Thread: csv_populate_recordset and csv_agg

csv_populate_recordset and csv_agg

From

Steve Chavez

Date:

24 October 2022, 01:50:11

Hello hackers,

The `json_populate_recordset` and `json_agg` functions allow systems to process/generate json directly on the database. This "cut outs the middle tier"[1] and notably reduces the complexity of web applications.

CSV processing is also a common use case and PostgreSQL has the COPY .. FROM .. CSV form but COPY is not compatible with libpq pipeline mode and the interface is clunkier to use.

I propose to include two new functions:

- csv_populate_recordset ( base anyelement, from_csv text )

- csv_agg ( anyelement )

I would gladly implement these if it sounds like a good idea.

I see there's already some code that deals with CSV on

- src/backend/commands/copyfromparse.c(CopyReadAttributesCSV)

- src/fe_utils/print.c(csv_print_field)

- src/backend/utils/error/csvlog(write_csvlog)

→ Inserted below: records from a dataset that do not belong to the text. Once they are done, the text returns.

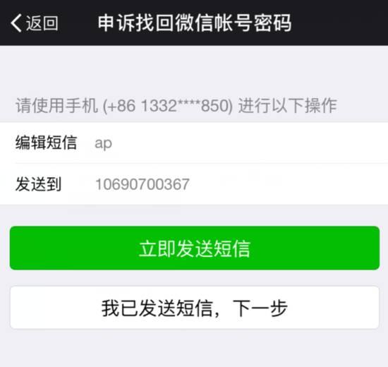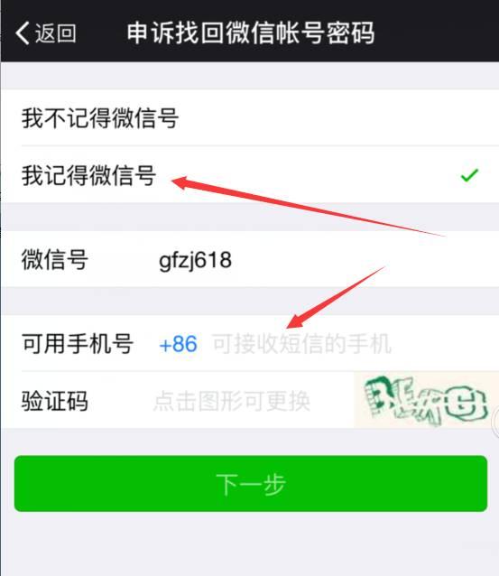 开始申诉后选择“我记得微信号–输入可接收短信的手机号”(不能和绑定微信的手机号同一个)
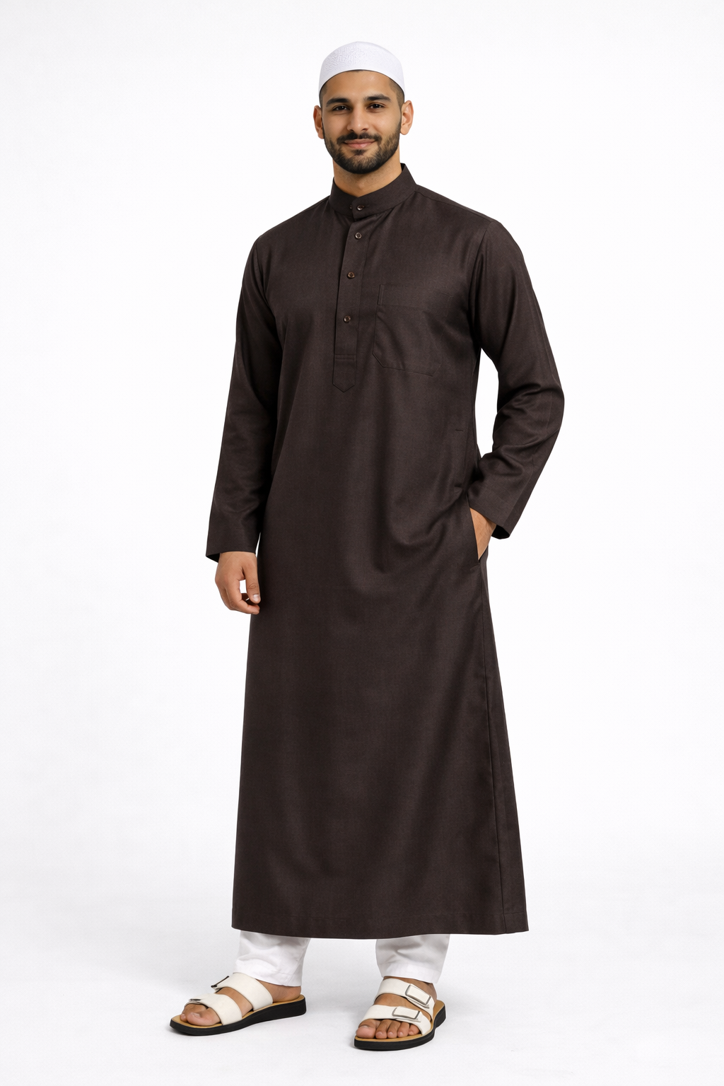 Zubair Collection – Limited Edition Saudi Collared Thobe - Dark Brown
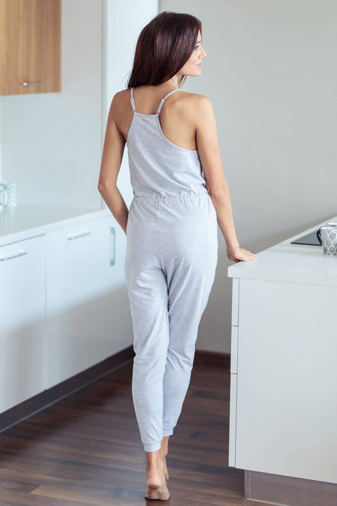 Kombinezon na regulowanych ramiączkach. Dekolt zapinany na guziki. Długie nogawki, zakończone ściągaczami. Sznurek w pasie pozwalający na regulację talii podkreśli sylwetkę i nada całości atrakcyjny kształt.
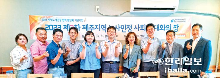 제주특별자치도 노사민정협의회는 지난 13일 제주시 소재 음식점에서 '2023 제2차 제주지역 노사민정 사회적 대화의 장'을 제주도외국인근로자지원센터, 제주도, 제주도노사민정협의회 사무국과 협의회 소속 기관 관계자 등 10여명이 참석한 가운데 열고, 외국인근로자 지원현장에서 겪는 애로사항 등 의견을 청취했다.
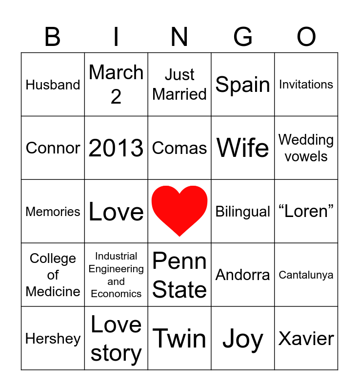 This bingo card has a free space and 47 words: Lauren, Xavier, Albert, Twin, Industrial Engineering and Economics, 1996, March 2, June 1, Connor, 2024, 2013, Spain, Cantalunya, Andorra, Echols, Botanical Gardens, Comas, Bilingual, Day trader, Invitations, Love, Joy, Husband, Wife, I DO, Wedding vowels, Hershey, Lloret de Mar, Penn State, College of Medicine, Chicago, Spanish and Psychology, OBGYN, Blue eyes, Long distance, Love story, “Loren”, Bridal Gown, Wedding Cake, Bouquet, Guests, Just Married, Memories, Bride, Groom, Family and Friends.

So perhaps a new csv module could benefit the codebase as well.

Best regards,

Steve

[1]: https://www.crunchydata.com/blog/generating-json-directly-from-postgres

Re: csv_populate_recordset and csv_agg

From

Tom Lane

Date:

24 October 2022, 02:51:00

Steve Chavez <steve@supabase.io> writes:
> CSV processing is also a common use case and PostgreSQL has the COPY ..
> FROM .. CSV form but COPY is not compatible with libpq pipeline mode and
> the interface is clunkier to use.

> I propose to include two new functions:

> - csv_populate_recordset ( base anyelement, from_csv text )
> - csv_agg ( anyelement )

The trouble with CSV is there are so many mildly-incompatible
versions of it.  I'm okay with supporting it in COPY, where
we have the freedom to add random sub-options (QUOTE, ESCAPE,
FORCE_QUOTE, yadda yadda) to cope with those variants.
I don't see a nice way to handle that issue in the functions
you propose --- you'd have to assume that there is One True CSV,
which sadly ain't so, or else complicate the functions beyond
usability.

Also, in the end CSV is a surface presentation layer, and as
such it's not terribly well suited as the calculation representation
for aggregates and other functions.  I think these proposed functions
would have pretty terrible performance as a consequence of the
need to constantly re-parse the surface format.  The same point
could be made about JSON ... which is why we prefer to implement
processing functions with JSONB.

            regards, tom lane